Hello,
I have a problem with the "Convert URLs into links" filter in drupal 7:
I have this filter activated for the "Full HTML" text format. If I create a new page and enter a URL with special characters (for example ä, ü, ö), the resulting clickable URL is formatted wrongly.
Example:
I create a new page with the following text:
www.test.de
www.daniel-müller.de
The sourcecode of the resulting page looks like this:
<a href="http://www.test.de">www.test.de</a>
<a href="http://www.daniel-m">www.daniel-m</a>üller.de
Problem: If there is a special character (like the 'ü' in the second URL), the clickable URL is cut off just before the special character.

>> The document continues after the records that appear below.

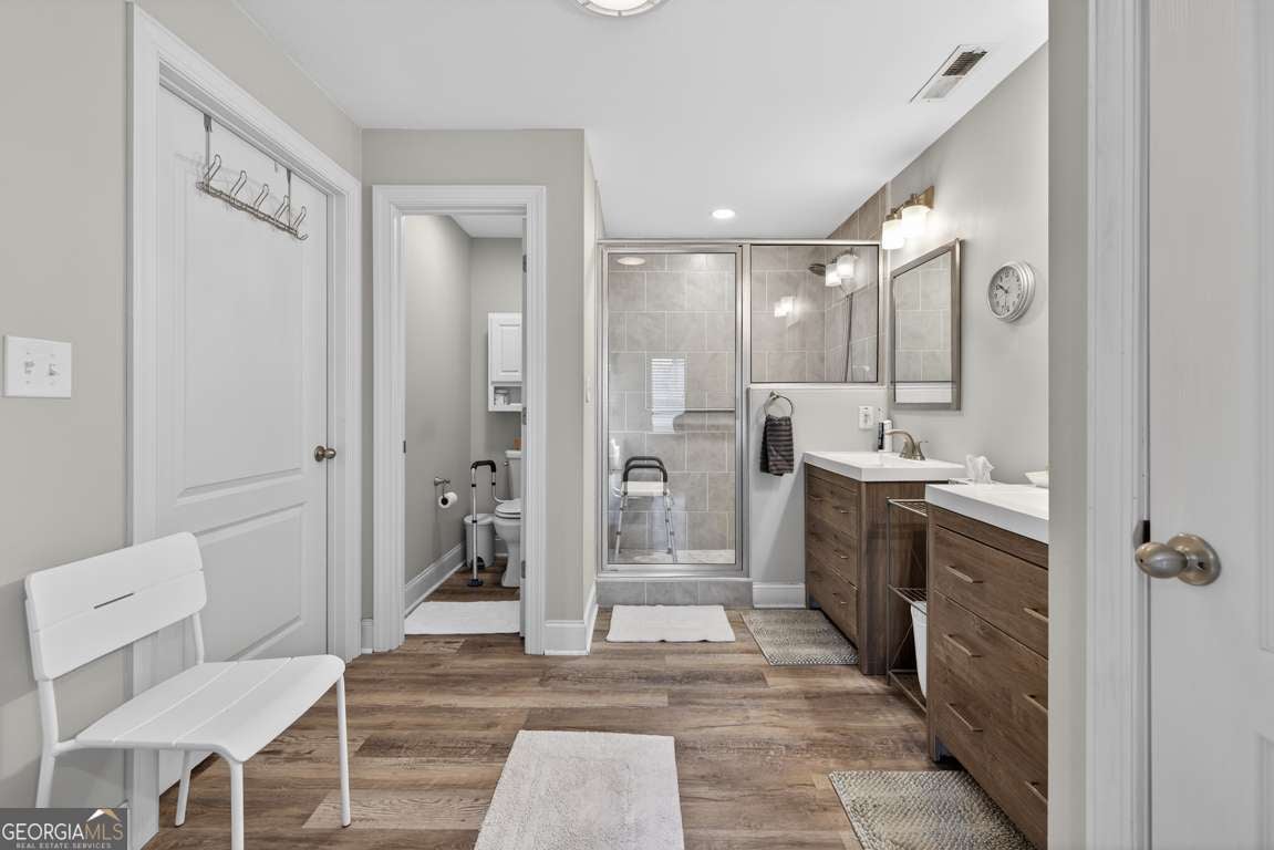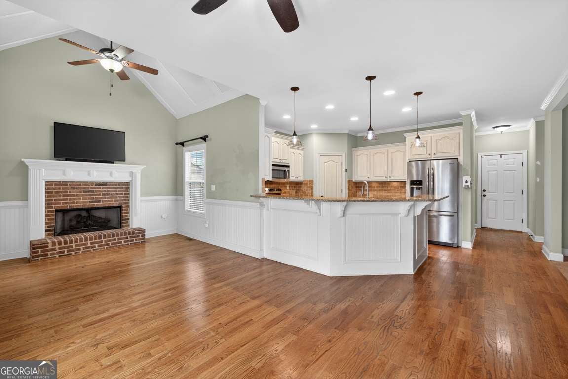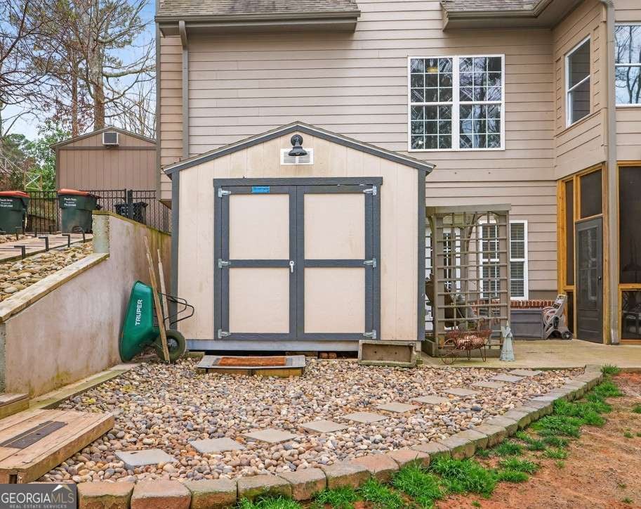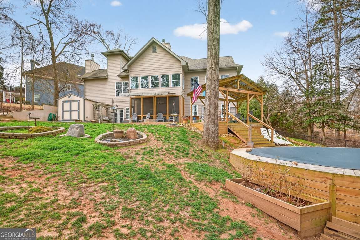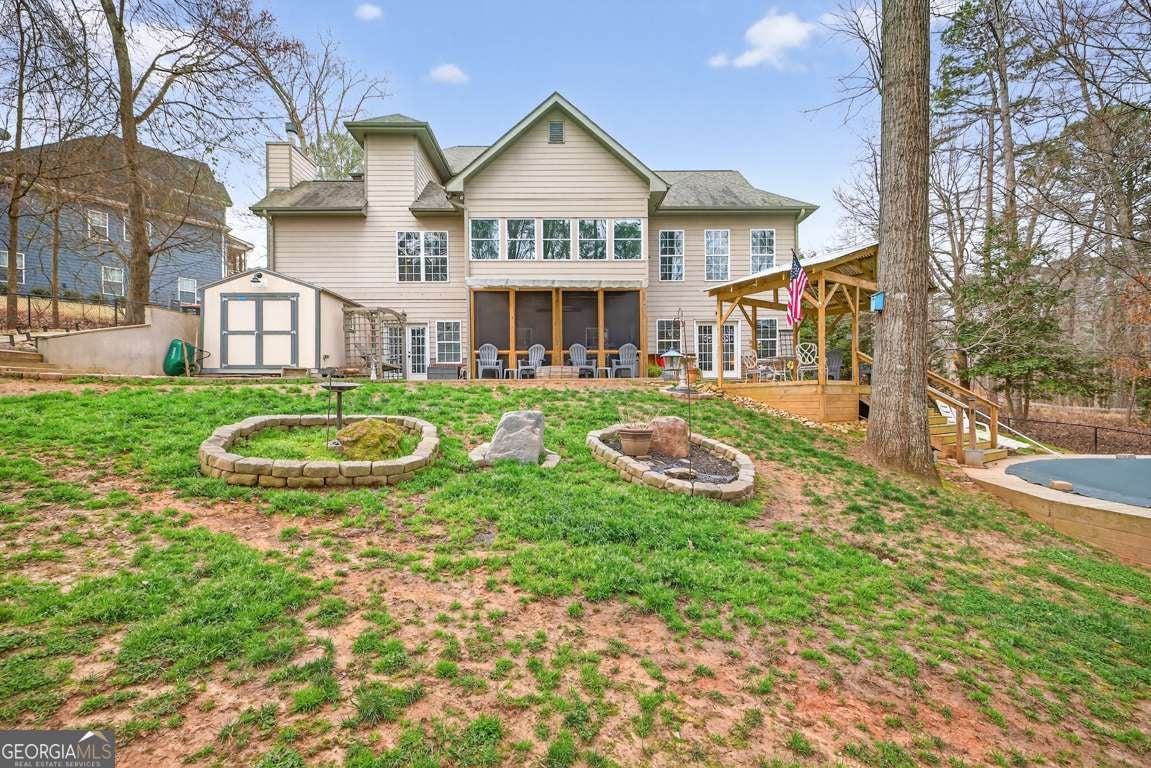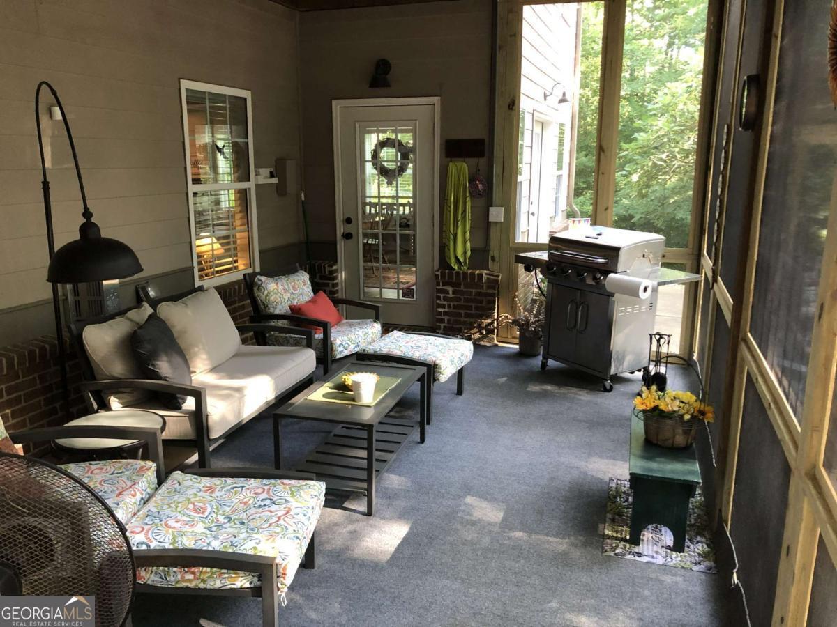 Discover a home that feels like it was made for the way you live -where classic charm meets everyday comfort. This beautiful brick front property sits on a lush, landscaped lot that backs to peaceful green space, giving you extra privacy and room to breathe. A wide, covered front porch welcomes friends and family, setting the tone for the warm, inviting spaces inside. Step into a soaring two-story family room filled with natural light and centered around a gorgeous fireplace. The open layout flows effortlessly into the heart of the home-a bright, modern kitchen with white cabinetry, granite counters, and a spacious keeping room where you can curl up by the fire or chat over coffee. The sunroom is the perfect spot to enjoy year-round views of your serene backyard. The main-level primary suite makes life easy with everything you need close at hand, while upstairs you'll find two comfortable bedrooms and a large bonus room-ideal for an additional bedroom, home office, or play space. Downstairs, the fully finished terrace level offers endless possibilities: a complete in-law suite with its own kitchen, living area, 1.5 baths, second laundry, and fireplace-perfect for guests or multigenerational living. Step outside and it's all about relaxation and connection. Take a dip in the 24-foot pool, unwind under the gazebo, or host backyard gatherings that stretch late into the evening. Two large outbuildings with electricity and air mean there's room for hobbies, workshops, or extra storage. With updates including a 7-year-old roof and a 1.5-year-old water heater, you can move right in and enjoy. This home invites you to slow down, entertain often, and make the most of every season-a place where comfort, privacy, and timeless style come together beautifully.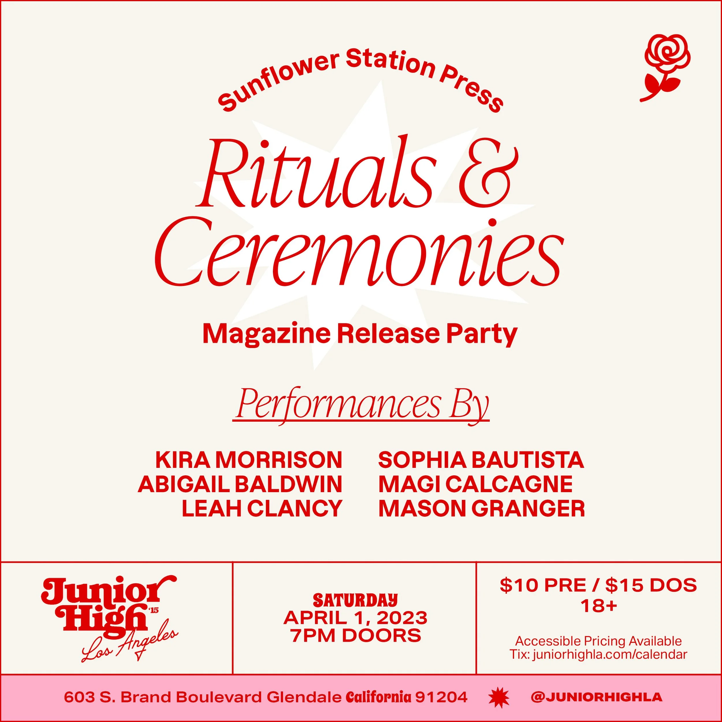 MUSIC | $10 PRE // $15 DOS | 18+ | Sunflower Station Press is happy to announce the release of our third magazine, "Rituals and Ceremonies." To celebrate, we have gathered a variety of performers together to put on an event that will surely be a unique and joyful way to bring in the Spring. Come enjoy performances by Kira Morrison, Leah Clancy, Abigail Baldwin, Sophia Bautista, Magi Calcagne, and Mason Granger, and support your local Los Angeles literary and publishing scene!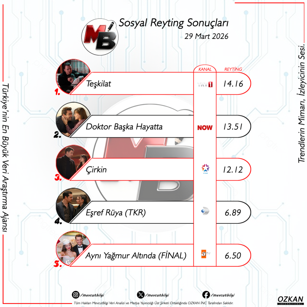 Televizyon yayıncılığının kuralları yeniden yazılırken, bir yapımın gerçek başarısını ölçmenin tek yolu artık sadece geleneksel kumanda verilerinden geçmiyor. İzleyiciler, ellerindeki akıllı telefonlarla ekran karşısında aktif birer “trend mimarı”na dönüşmüş durumda. Her bir sahne, her bir diyalog ve hatta karakterlerin anlık bakışları bile saniyeler içinde sosyal medyada binlerce etkileşime dönüşebiliyor. Tam da bu noktada, Türkiye’nin en büyük veri araştırma ajansı MevcutBilgi tarafından titizlikle hazırlanan 29 Mart 2026 sosyal medya reyting sonuçları, sektörün dijital nabzını kusursuz bir şekilde gözler önüne seriyor.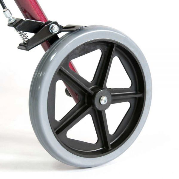 Конструкция ролятора с повышенной грузоподъемностью выполнена из алюминия с полимерным покрытием, сиденье обшито искусственной кожей. Ролятор оборудован двумя ручными тормозами задних колес c фиксирующей функцией, расположенных на ручках конструкции.
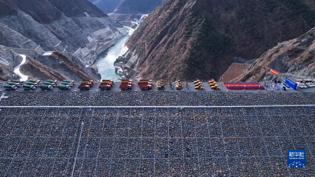 12月29日,雅砻江两河口混合式抽水蓄能电站开工仪式在四川雅江两河口水电站大坝上举行(无人机照片)。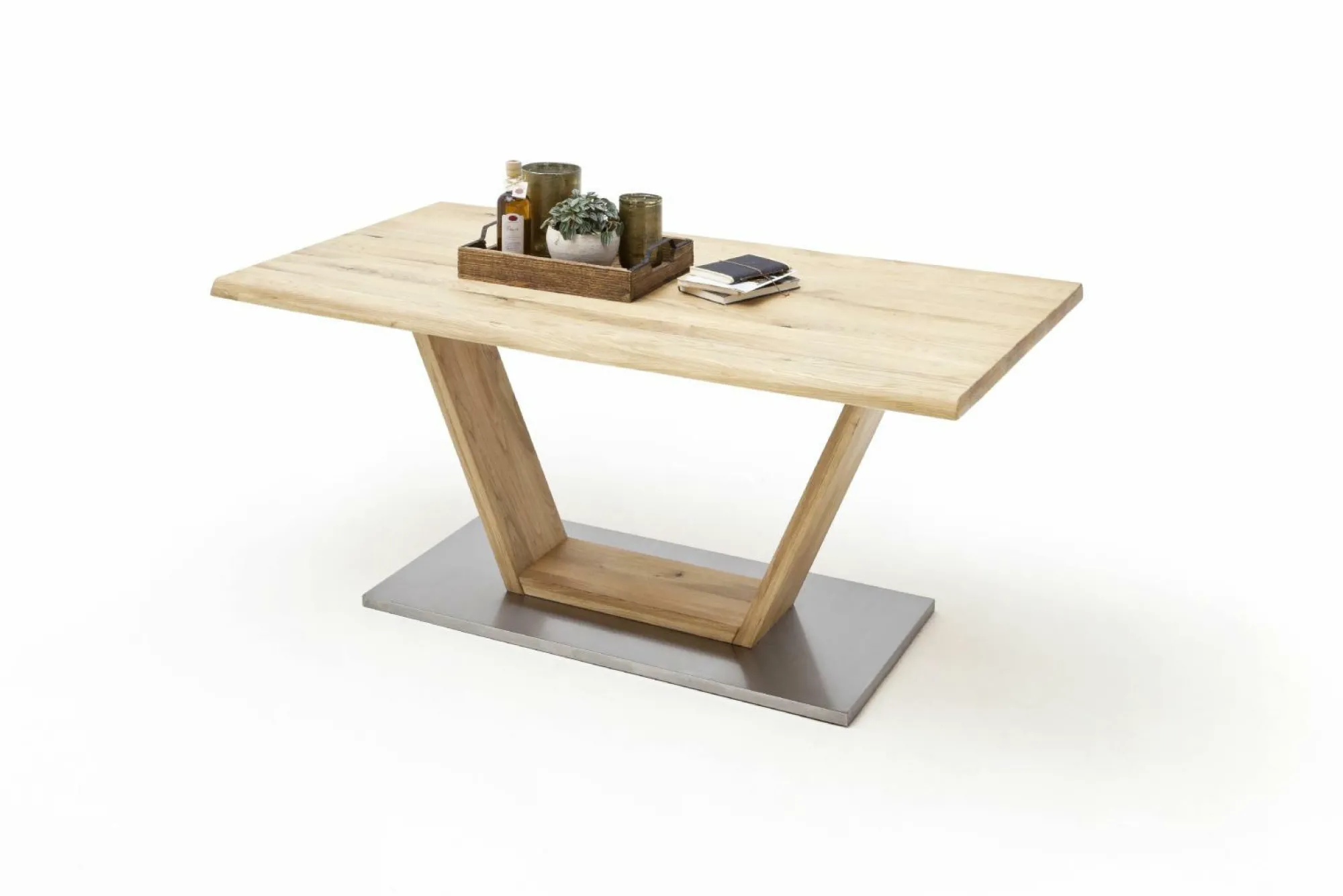 Esstisch Greta 2 von MCA furniture bietet Platz zum gemeinsamen Essen in Ihrem Wohnbereich. Der hochwertige Tisch besteht aus einer Tischplatte aus massiver, geölter Balkeneiche mit Baumkante. Abgerundet wird die Platte von einem V-Fuß mit Fußplatte aus ummantelten Echtmetall. Dadurch erhält der Tisch einen stabilen Stand und zugleich einen modernen Look.

Is this a general problem with drupal 7 or something in my server / drupal - configuration?
Current Status
This has been committed to Drupal 8. For Drupal 7, the patch in #39 seems to work for people but unless/until we provide a fallback as mentioned in #23, this issue is blocked from being included in Drupal 7 core.
Comment | File | Size | Author |
---|---|---|---|
#43 | filter-urlfilter-i18n-1657886-41.patch | 18.62 KB | jyraya |
#42 | filter-urlfilter-i18n-1657886-40.patch | 18.63 KB | enriquelacoma |
#39 | filter-urlfilter-i18n-1657886-39.patch | 10.25 KB | loopduplicate |
#19 | filter-urlfilter-i18n-1657886-19.patch | 7.94 KB | adam7 |
#14 | filter-urlfilter-i18n-1657886-13.patch | 7.97 KB | Hanno |
Comments
Comment #1
Jaypan CreditAttribution: Jaypan commentedI'm seeing this same issue with arabic URLs. For example if I have the following URL: http://www.site.com/users/عمر the URL parsing will end at the last forward slash, before the arabic text. The problem is, as you can see, this is a user path, so I need it to also parse the username. The problem lies in _filter_url(). The character class for the regex doesn't allow for non-alphabetic letters other than a defined set of punctuation.
Comment #2
Jaypan CreditAttribution: Jaypan commentedI've hacked _filter_url() to work with Arabic characters, but the method I used is not ideal I don't think. I added the Arabic character match \p{Arabic} to each of the character classes, and added my own 'u' modifier to the end of each of the patterns. It's properly parsing the links now, but I don't like having to hack core, and I'm sure there is a more dynamic way to do this. Maybe create a settings for the URL converter that allows for one to select if and which UTF8 languages they would like to be able to include in their URL searches. I'm open to other ideas as well.
Comment #3
russo79 CreditAttribution: russo79 commentedThere are other characters such as "( )" who seem to be filtered giving the same result:
e.g. if the user types this url
http://addons.teamspeak.com/directory/plugins/hardware/Logitech-G-Keyboards-with-Linux-(Gnome15-plugin).html
it gets converted to the following html:
<a href="http://addons.teamspeak.com/directory/plugins/hardware/Logitech-G-Keyboards-with-Linux-">http://addons.teamspeak.com/directory/plugins/hardware/Logitech-G-Keyboa...</a>(Gnome15-plugin).html
Comment #4
Hanno CreditAttribution: Hanno commentedTwitter does a very good job to convert all kind of URL's to shortener links. Their code can be found here:
https://github.com/twitter/twitter-text-js/blob/master/twitter-text.js
A PHP version based on that code is created here: https://github.com/stephenbeckett/TwitterURLMatchPHP
See http://www.stevebeckett.com/twitter-url-match-for-php/
Comment #5
Hanno CreditAttribution: Hanno commentedNowadays, these are valid web adresses:
http://президент.рф/ (president of the Russian federation)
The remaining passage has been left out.